Cartosio come Chomsky ricorda le accuse di comunismo scagliate contro il movimento afroamericano, Martin Luther King e la stessa Rosa Parks e le operazioni dell’FBI contro figure oggi presentate come eroi nazionali. Oggetto di campagne contro King – tra i tanti argomenti usati – furono proprio i suoi “rapporti personali e organizzativi” con centri di iniziativa sociale e culturale antirazzista come la Highlander Folk School di Monteagle assai familiari a Rosa Parks:
Nel 1957, in occasione del venticinquesimo anniversario della creazione di Highlander, King fu fotografato insieme con il suo fondatore Myles Horton e altri, tra cui Rosa Parks.

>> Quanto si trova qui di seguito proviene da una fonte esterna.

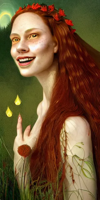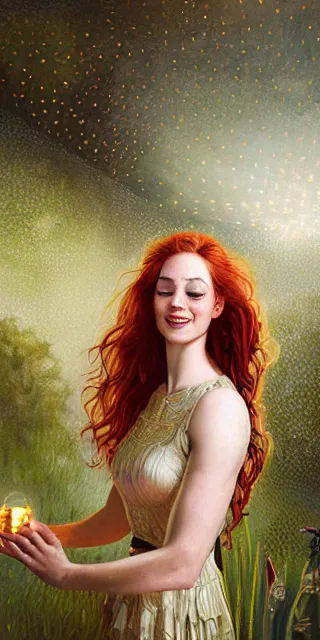 fit woman, serene smile surrounded by golden firefly lights, amidst nature fully covered by a int...Show more

Di quella foto la Commissione per l’educazione dello stato della Georgia fece un’enorme cartellone pubblicitario, che fu affisso in tutto il Sud, accompagnato dalla didascalia: “Martin Luther King alla scuola di formazione comunista“, e il Ku Klux Klan fece cartoline che diffuse in centinaia di migliaia di esemplari.

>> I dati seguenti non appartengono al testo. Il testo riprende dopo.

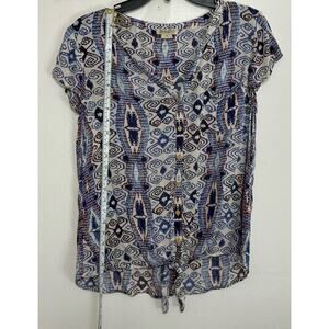 Abstract, Boho, Chic, Casual, Festival, Lightweight, Lucky Brand, tie front top, cap sleeve blouse, abstract print, boho chic, casual top, button front shirt, Lucky Brand medium, festival fashion, summer top, Lucky Brand tie front shirt, Boho button front summer top,

All’Highlander Folk School ovviamente passava anche il folksinger comunista Pete Seeger e proprio lì, come racconta Portelli , venne fuori l’inno del movimento We shall overcome  dalla rielaborazione di un canto di lotta operaio raccolto anni prima e rielaborato dagli animatori della scuola popolare (in questo video rievoca l’influenza di King e Rosa Parks).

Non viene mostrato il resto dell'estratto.